DATA FOR THIS TASK |
···
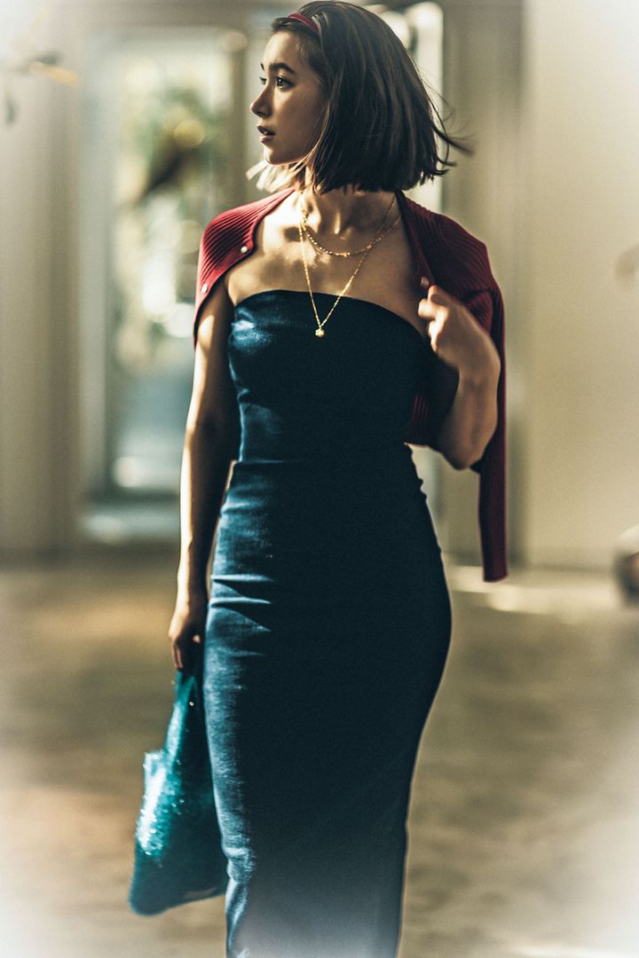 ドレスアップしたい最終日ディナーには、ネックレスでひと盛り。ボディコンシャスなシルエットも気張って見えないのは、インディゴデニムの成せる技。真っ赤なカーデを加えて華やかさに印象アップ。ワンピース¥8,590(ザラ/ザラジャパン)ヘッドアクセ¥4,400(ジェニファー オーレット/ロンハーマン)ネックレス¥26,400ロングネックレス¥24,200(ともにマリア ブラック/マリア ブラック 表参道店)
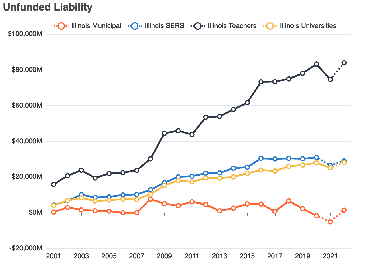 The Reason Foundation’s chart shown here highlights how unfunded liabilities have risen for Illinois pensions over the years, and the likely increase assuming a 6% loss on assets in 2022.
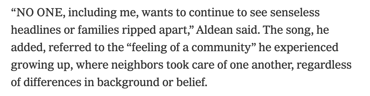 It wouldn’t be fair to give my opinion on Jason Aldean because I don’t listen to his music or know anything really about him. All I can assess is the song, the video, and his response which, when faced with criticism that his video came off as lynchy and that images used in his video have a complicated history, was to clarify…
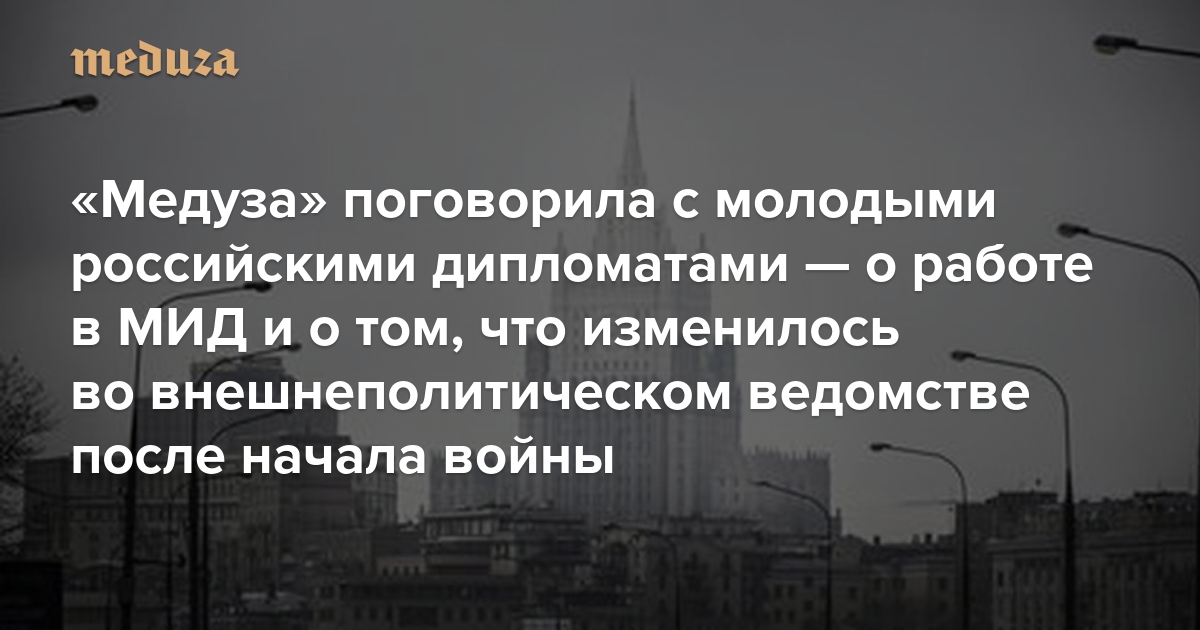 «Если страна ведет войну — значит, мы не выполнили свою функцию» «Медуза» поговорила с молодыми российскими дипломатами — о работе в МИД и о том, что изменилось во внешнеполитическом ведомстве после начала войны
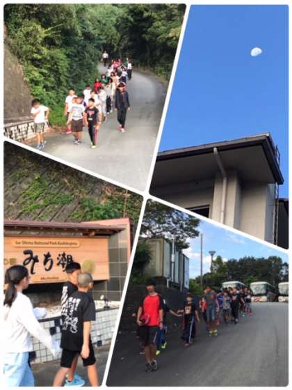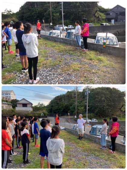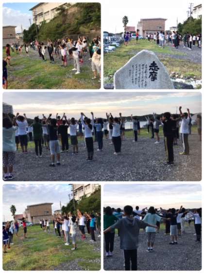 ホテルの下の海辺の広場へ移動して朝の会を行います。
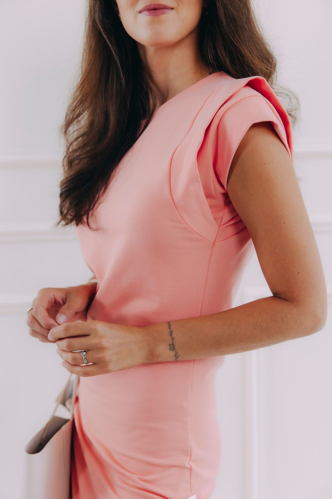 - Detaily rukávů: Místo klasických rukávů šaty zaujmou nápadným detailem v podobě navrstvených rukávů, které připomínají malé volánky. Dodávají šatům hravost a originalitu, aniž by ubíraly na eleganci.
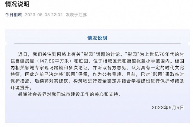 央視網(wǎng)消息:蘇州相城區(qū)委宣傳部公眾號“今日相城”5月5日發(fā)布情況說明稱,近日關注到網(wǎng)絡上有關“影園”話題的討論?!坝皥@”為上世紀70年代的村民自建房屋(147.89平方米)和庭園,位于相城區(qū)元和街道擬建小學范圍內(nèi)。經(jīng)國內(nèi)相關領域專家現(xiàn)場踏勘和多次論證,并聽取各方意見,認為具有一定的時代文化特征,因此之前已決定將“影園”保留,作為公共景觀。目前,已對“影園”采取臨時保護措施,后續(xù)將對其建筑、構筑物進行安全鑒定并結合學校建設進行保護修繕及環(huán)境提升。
···
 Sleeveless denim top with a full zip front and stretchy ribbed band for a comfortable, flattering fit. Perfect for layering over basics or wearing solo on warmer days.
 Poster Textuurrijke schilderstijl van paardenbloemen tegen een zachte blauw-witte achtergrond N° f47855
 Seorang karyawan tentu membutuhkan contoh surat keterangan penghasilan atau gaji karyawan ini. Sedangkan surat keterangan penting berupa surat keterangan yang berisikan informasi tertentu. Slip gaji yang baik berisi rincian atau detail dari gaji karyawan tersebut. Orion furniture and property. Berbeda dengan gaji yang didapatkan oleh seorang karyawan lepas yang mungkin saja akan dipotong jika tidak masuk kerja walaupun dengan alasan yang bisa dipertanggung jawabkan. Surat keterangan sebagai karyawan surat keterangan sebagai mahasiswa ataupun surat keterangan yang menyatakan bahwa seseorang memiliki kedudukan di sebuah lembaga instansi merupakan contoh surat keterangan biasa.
···
ABOUT THIS TASK | The material above holds pictures; leave them out and set down exactly the lines from the line with "ホテルの下の海辺の広場へ移動して朝の会を行います。" to the line with "- Detaily rukávů: Místo", both included.

OUTPUT |
 ホテルの下の海辺の広場へ移動して朝の会を行います。
 - Detaily rukávů: Místo klasických rukávů šaty zaujmou nápadným detailem v podobě navrstvených rukávů, které připomínají malé volánky. Dodávají šatům hravost a originalitu, aniž by ubíraly na eleganci.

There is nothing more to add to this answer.